[Dataset excerpts]
++++++++

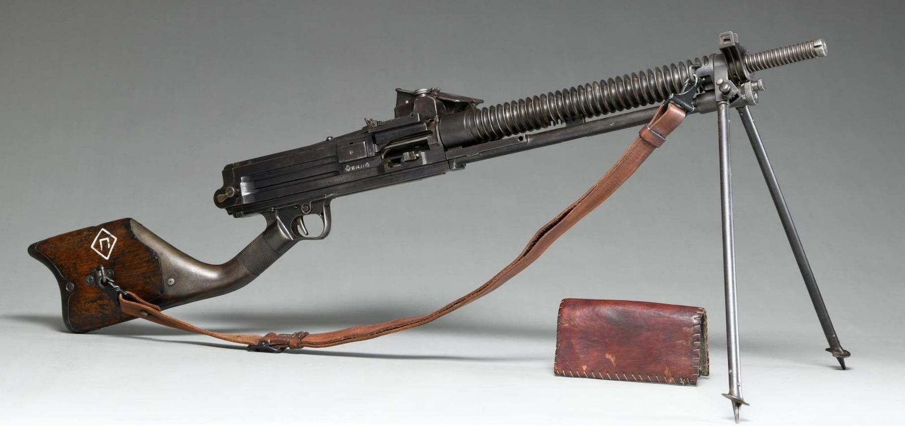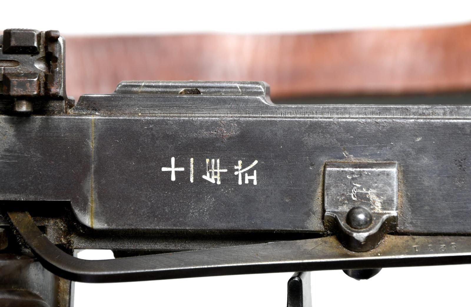Cal. 6.5mm. S# 35231. Bbl. 20". Mfg. Nov. 1939. First brought into service in 1922, this was the first light machine gun that Japan had designed for themselves. As odd as it may appear compared to other guns of the period, it had some equally unusual features specific to Japan. The left-side mounted feed hopper utilizes clips originally intended for the standard Arisaka rifle. This allowed any Rifleman to feed it, in case of an unexpected shortage. Another unique feature was their interesting oiling station as they were being loaded. While it had the ability to run their standard 6.5mm ammo, a slightly reduced load was designed for daily use. The Type 11 utilizes a gas operated, open bolt system w/ an adjustable gas port. The barrel incorporates enormous circular cooling fins as evidence of being heavily inspired in design by the early French Hotchkiss heavy machine gun. These heavy fins measure almost 2" in diameter for the first 12" of barrel, beyond the chamber, and are reduced to .86" in the last 3" to the muzzle. Aside from the unique, heavily finned barrel, the Type 11 may be easiest identified by its right side, angular stock, which protrudes from the bottom of the rear facing pistol grip in a tubular manner before returning to a more traditional shoulder stock shape. The front 7" is steel, integral w/ the trigger group, before utilizing wood construction, ending w/ a heavy steel buttplate. This offset design allows for both right & left hand operation & allows an easier disassembly without having to remove the stock. Just rear of the front sight is a rear folding bipod w/ 17" legs. Front sight is a protected blade, offset to the right side of the action, to coincide w/ the rear sight, adjustable from 200 to 1500 meters. Receiver markings include the Japanese characters "Ju Ichi Nen Shiki" translating to "11th Year Type" above the serial number, "35231"on top, as well as "14.11" on right, indicating Showa Era year 14, 11th month translating to the manufacturing date of November, 1939 & the Kokura Arsenal manufacture symbol. Numbers matching the receiver on several parts including receiver rear block which also holds the op rod spring guide, rear sight, op rod, barrel, & gas system. Several smaller parts have different numbers which isn't unusual. Brown leather sling which spans from the right side of the shoulder stock to the barrel, just rear of the front sight. One interesting piece that is seldom retained is the leather heat shield, constructed of leather & wire screen, swen together & retained w/ a small metal chain. UNATTACHED ACCESSORIES: Leather heat shield, photo copied operation manual in Japanese. CONDITION: Finish coverage on exposed metal surfaced is remarkably full. Some thinning on high spots & a gentle scattered patina. It has been dewatted primarily by welding a rod into the chamber of the barrel but were extremely gentle to the interior of the receiver, apparently removing it prior to plugging. Aside from the hopper cover which is a little sticky in some phases of operation, all fire control parts move freely and the fire control mechanism appears to function correctly when cycled by hand. NATIONAL FIREARMS ACT DEWAT MG REQUIRING BATF TRANSFER BEFORE TAKING POSSESSION. FULLY TRANSFERABLE.(03-1632/JZ). CURIO CLASS III. $5,000-8,000.
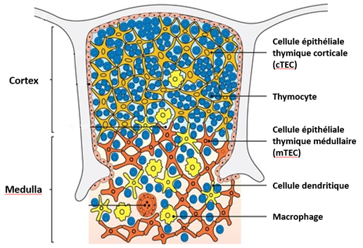 Figure 1: Schéma simplifié du thymus. (Adapté de The immune system, 4th édition, Garland Science 2015.)
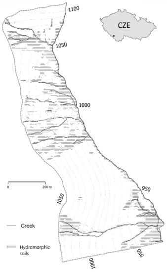 The soil survey verifying H1, established in a grid in 2015 [], provided detailed description and classification of 954 soil profiles according to the World Reference Base []. Soil hydromorphism was expressed by the presence of stagnic, gleyic and histic soil properties and in some cases even diagnostic soil horizons. In total, 11 degrees of soil hydromorphism were recognized in Boubin []. Terrestrial soils were defined as from the 0 to 3rd degrees of the water gradient (Cambisols, Podzols), hydromorphic soils were determined as from the 4th to 11th degree (Stagnosols, Gleysols, Histosols).
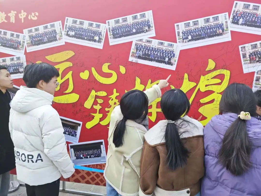 市育才中学的毕业生们也纷纷“回娘家”来,与曾经的任教老师畅谈往昔,并在毕业墙前留下美好祝愿。
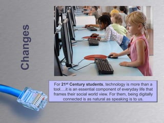 This document discusses the importance of digital citizenship for 21st century students. It notes that today's students have grown up in a digitally connected world and are comfortable with technology, but may lack understanding of online safety and responsibility. It argues that teaching digital citizenship is crucial to prepare students for life in a society full of technology. The document provides definitions of digital citizenship and outlines some available resources for teachers, students, and parents in Wolf Creek to help guide students on responsible technology use.
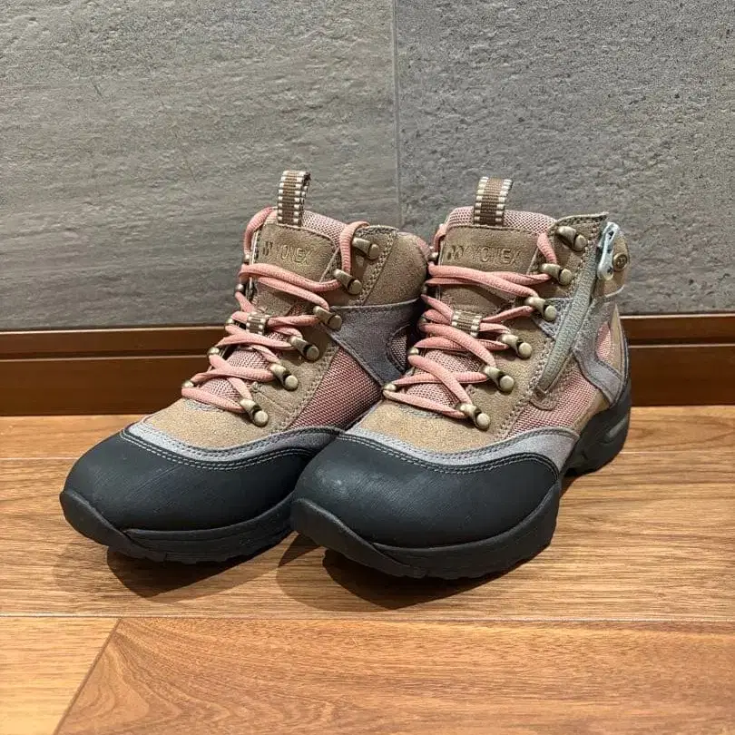 요넥스 트레킹 슈즈 23cm입니다. 다가오는 계절의 외출에 어떠신가요? - 색상: 핑크/그레이 - 디자인: 하이컷 - 지퍼: 사이드 지퍼 포함 - 밑창: 러버 솔 - 소재: 합성섬유/가죽 방문해 주셔서 감사합니다. 성별 - 여성용 신발 길이 - 하이컷 밑창 - 단단함
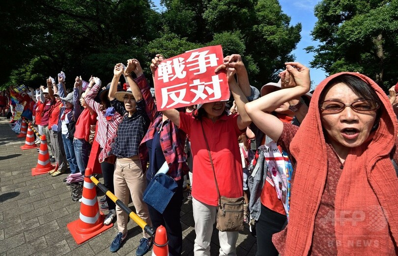 【6月21日 AFP】都内の国会周辺で20日、安倍晋三(Shinzo Abe)首相が成立を目指している安全保障関連法案に抗議するデモが行われた。女性を中心とした何千人もの参加者らは赤い服を着て人間の鎖を作り、国会議事堂を取り囲んだ。(c)AFP
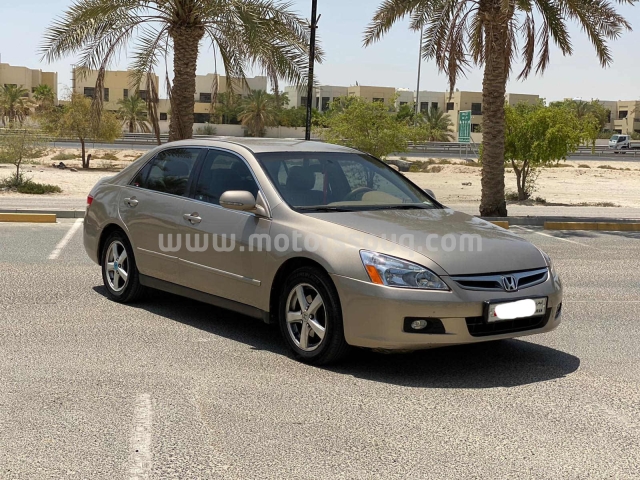 وصف :Honda Accord 2005 (Gold) Mileage: 237650 Km, Mid Option: Camera, Alloy Wheel, Screen, 4 Cylinders, 2.4 L Engine, 5 Seats, Price : 1200 BD (Negotiable) Insurance Till : Apr-2023, ------------------------------------------------- Contact: 36363465 Instagram: hamadcars.bh ------------------------------------------------
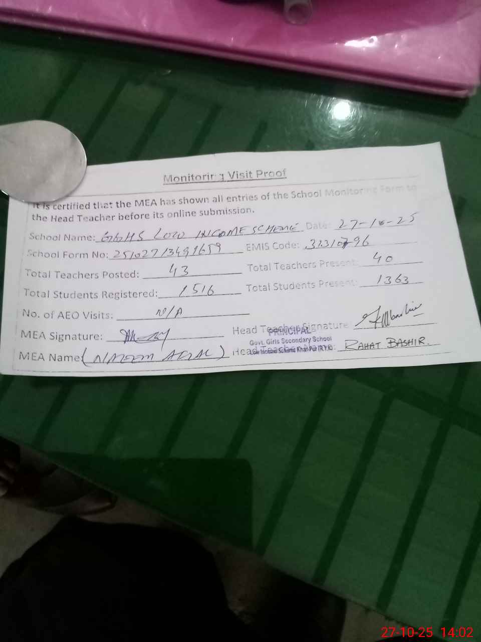 | Attendance Register | Head Teacher | MEA with School | Visit Proof |

++++++++

Work instructions: Leaving images out, please output every line of the data exactly.

Answer box:
Cal. 6.5mm. S# 35231. Bbl. 20". Mfg. Nov. 1939. First brought into service in 1922, this was the first light machine gun that Japan had designed for themselves. As odd as it may appear compared to other guns of the period, it had some equally unusual features specific to Japan. The left-side mounted feed hopper utilizes clips originally intended for the standard Arisaka rifle. This allowed any Rifleman to feed it, in case of an unexpected shortage. Another unique feature was their interesting oiling station as they were being loaded. While it had the ability to run their standard 6.5mm ammo, a slightly reduced load was designed for daily use. The Type 11 utilizes a gas operated, open bolt system w/ an adjustable gas port. The barrel incorporates enormous circular cooling fins as evidence of being heavily inspired in design by the early French Hotchkiss heavy machine gun. These heavy fins measure almost 2" in diameter for the first 12" of barrel, beyond the chamber, and are reduced to .86" in the last 3" to the muzzle. Aside from the unique, heavily finned barrel, the Type 11 may be easiest identified by its right side, angular stock, which protrudes from the bottom of the rear facing pistol grip in a tubular manner before returning to a more traditional shoulder stock shape. The front 7" is steel, integral w/ the trigger group, before utilizing wood construction, ending w/ a heavy steel buttplate. This offset design allows for both right & left hand operation & allows an easier disassembly without having to remove the stock. Just rear of the front sight is a rear folding bipod w/ 17" legs. Front sight is a protected blade, offset to the right side of the action, to coincide w/ the rear sight, adjustable from 200 to 1500 meters. Receiver markings include the Japanese characters "Ju Ichi Nen Shiki" translating to "11th Year Type" above the serial number, "35231"on top, as well as "14.11" on right, indicating Showa Era year 14, 11th month translating to the manufacturing date of November, 1939 & the Kokura Arsenal manufacture symbol. Numbers matching the receiver on several parts including receiver rear block which also holds the op rod spring guide, rear sight, op rod, barrel, & gas system. Several smaller parts have different numbers which isn't unusual. Brown leather sling which spans from the right side of the shoulder stock to the barrel, just rear of the front sight. One interesting piece that is seldom retained is the leather heat shield, constructed of leather & wire screen, swen together & retained w/ a small metal chain. UNATTACHED ACCESSORIES: Leather heat shield, photo copied operation manual in Japanese. CONDITION: Finish coverage on exposed metal surfaced is remarkably full. Some thinning on high spots & a gentle scattered patina. It has been dewatted primarily by welding a rod into the chamber of the barrel but were extremely gentle to the interior of the receiver, apparently removing it prior to plugging. Aside from the hopper cover which is a little sticky in some phases of operation, all fire control parts move freely and the fire control mechanism appears to function correctly when cycled by hand. NATIONAL FIREARMS ACT DEWAT MG REQUIRING BATF TRANSFER BEFORE TAKING POSSESSION. FULLY TRANSFERABLE.(03-1632/JZ). CURIO CLASS III. $5,000-8,000.
 Figure 1: Schéma simplifié du thymus. (Adapté de The immune system, 4th édition, Garland Science 2015.)
 The soil survey verifying H1, established in a grid in 2015 [], provided detailed description and classification of 954 soil profiles according to the World Reference Base []. Soil hydromorphism was expressed by the presence of stagnic, gleyic and histic soil properties and in some cases even diagnostic soil horizons. In total, 11 degrees of soil hydromorphism were recognized in Boubin []. Terrestrial soils were defined as from the 0 to 3rd degrees of the water gradient (Cambisols, Podzols), hydromorphic soils were determined as from the 4th to 11th degree (Stagnosols, Gleysols, Histosols).
 市育才中学的毕业生们也纷纷“回娘家”来,与曾经的任教老师畅谈往昔,并在毕业墙前留下美好祝愿。
 This document discusses the importance of digital citizenship for 21st century students. It notes that today's students have grown up in a digitally connected world and are comfortable with technology, but may lack understanding of online safety and responsibility. It argues that teaching digital citizenship is crucial to prepare students for life in a society full of technology. The document provides definitions of digital citizenship and outlines some available resources for teachers, students, and parents in Wolf Creek to help guide students on responsible technology use.
 요넥스 트레킹 슈즈 23cm입니다. 다가오는 계절의 외출에 어떠신가요? - 색상: 핑크/그레이 - 디자인: 하이컷 - 지퍼: 사이드 지퍼 포함 - 밑창: 러버 솔 - 소재: 합성섬유/가죽 방문해 주셔서 감사합니다. 성별 - 여성용 신발 길이 - 하이컷 밑창 - 단단함
 【6月21日 AFP】都内の国会周辺で20日、安倍晋三(Shinzo Abe)首相が成立を目指している安全保障関連法案に抗議するデモが行われた。女性を中心とした何千人もの参加者らは赤い服を着て人間の鎖を作り、国会議事堂を取り囲んだ。(c)AFP
 وصف :Honda Accord 2005 (Gold) Mileage: 237650 Km, Mid Option: Camera, Alloy Wheel, Screen, 4 Cylinders, 2.4 L Engine, 5 Seats, Price : 1200 BD (Negotiable) Insurance Till : Apr-2023, ------------------------------------------------- Contact: 36363465 Instagram: hamadcars.bh ------------------------------------------------
 | Attendance Register | Head Teacher | MEA with School | Visit Proof |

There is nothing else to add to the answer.